Efforts to invest in and launch a company with partners fell through in 2000 amid the dot-com bust. And then, with a 10-month-old daughter, Luckett says she came to a realization: “I can’t do this, working all the time.” (Which, in her case, meant getting a regular sort of job, leading a data analytics effort at Citibank.) TSEF grew organically from a more recent gig, when Luckett was the director of impact investing at the Pershing Square Foundation, the charitable arm of Ackman’s investment firm. Pershing supported Echoing Green, a long-standing fellowship program that in turn once supported first lady Michelle Obama. Increasingly, Luckett found, fellows were coming up with business models that needed not philanthropic handouts but investment capital, among them Carbon Lighthouse.

Her model has led to a wide range of investments. There’s Pigeonly, for example, which provides cut-rate communication services to connect America’s roughly 2.3 million prison inmates with their families on the outside, or Clinicas del Azúcar (Sugar Clinics), which runs a chain of inexpensive, retail diabetes clinics in Mexico, addressing part of a global epidemic. “If they can show how to solve this problem, then everyone is interested,” says Luckett. Another company, PharmaSecure, operates in India and Nigeria, tracking unique ID codes on medicine so that consumers can verify a product’s authenticity via text message and avoid consuming one that’s fake, or even dangerous.

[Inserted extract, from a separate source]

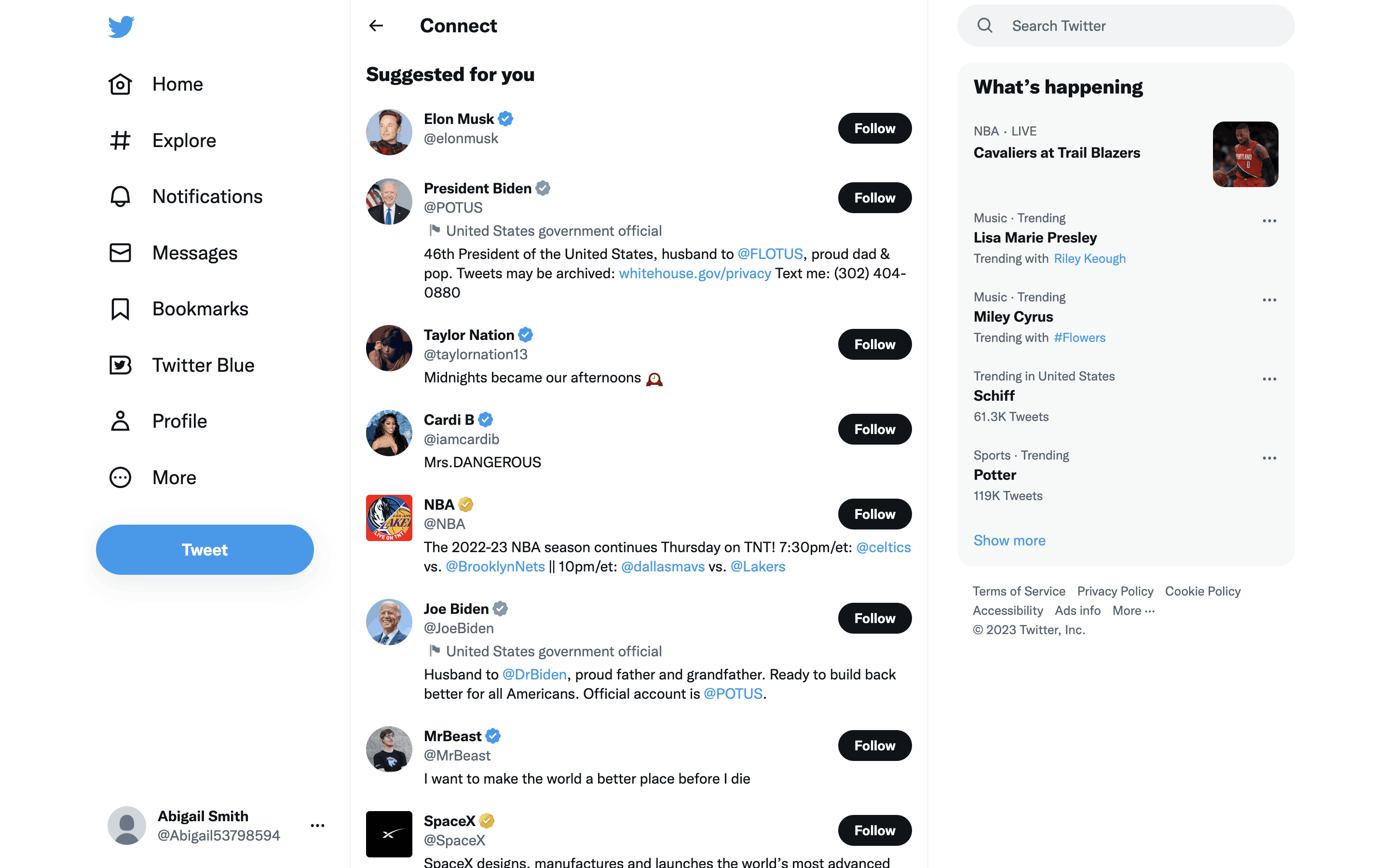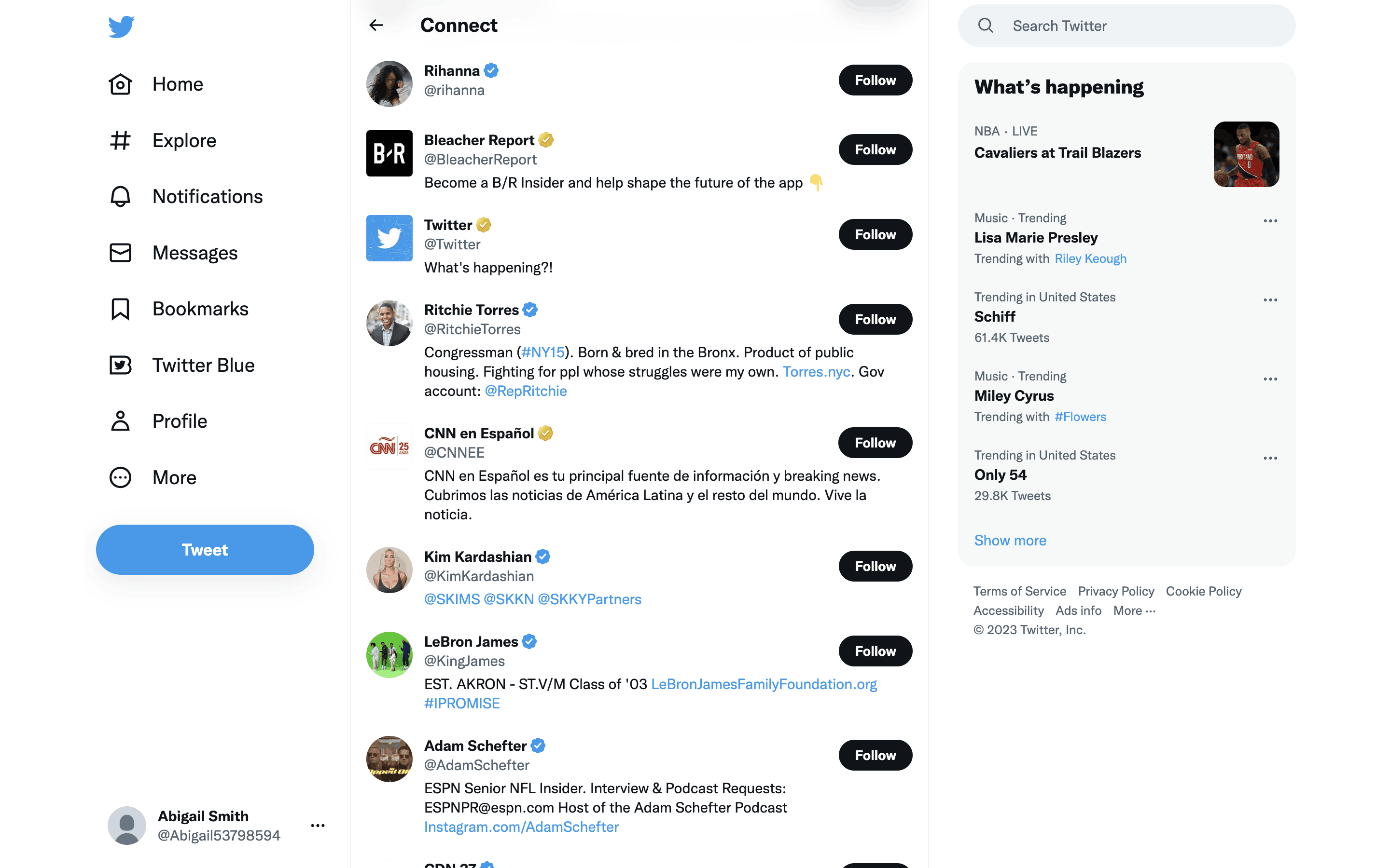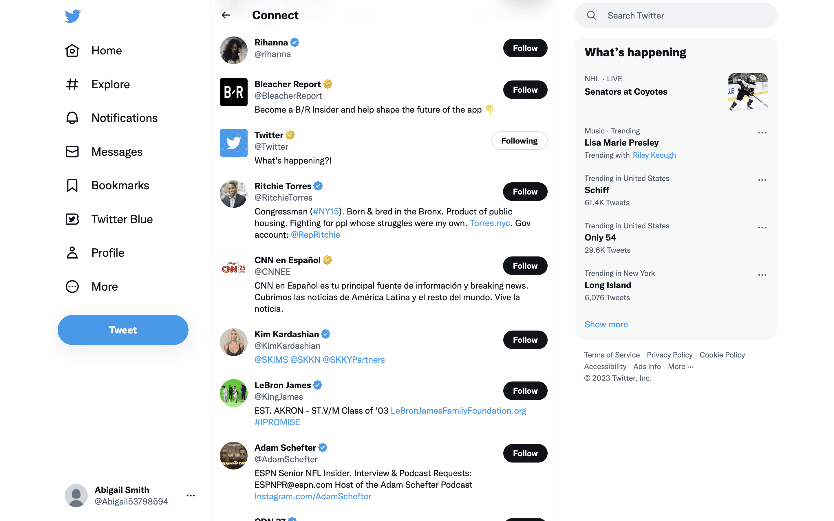 The user views a profile and then follows that user. The follow button changes to unfollow to indicate the change.
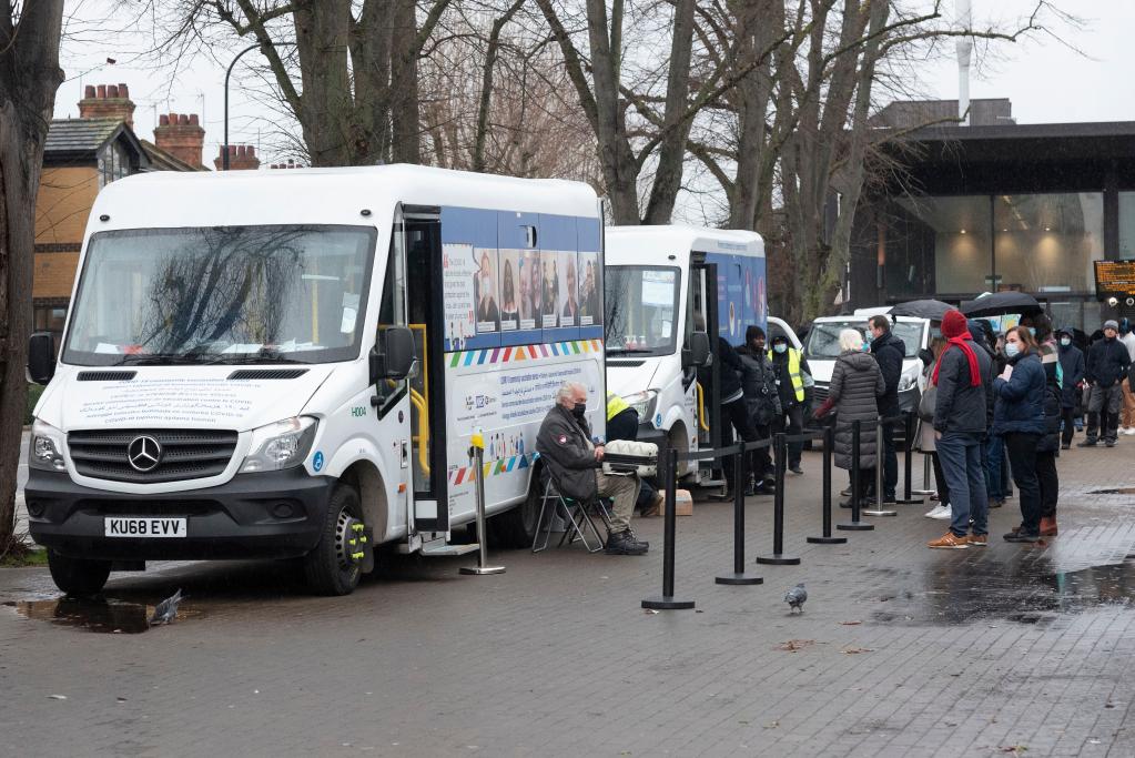 2021年12月6日,在英國倫敦,人們在新冠疫苗接種車旁排隊等待。(新華社發)

These days, Luckett is identifying companies trying to exploit market inefficiencies to the benefit of underserved populations, and making sure they can deliver. “She’s kind of the bad guy at first,” says Millstein. First she asks tough, skeptical questions, then she switches to partner mode. Frederick Hutson, the former prison inmate who runs Pigeonly, says Luckett recently advised against immediately jumping on opportunities to raise new investment capital, and instead encouraged him to continue growing the company. “She helped to bring some balance and clear thinking to it,” Hutson says.

Of course, not all early-stage investments can succeed. A Liberian manufacturing venture, for example, is teetering on collapse as a result of the Ebola epidemic disruption, underscoring the risks in this sector. Luckett herself is full of questions — about how to measure the impact or define the goal and how to scale the operation without making it unwieldy. Raising investment funds isn’t the hard part. “There are many deals, but not many good ones,” she says. Her first order of business is to establish a track record: “If we prove that this is successful, it will bring in many more people.”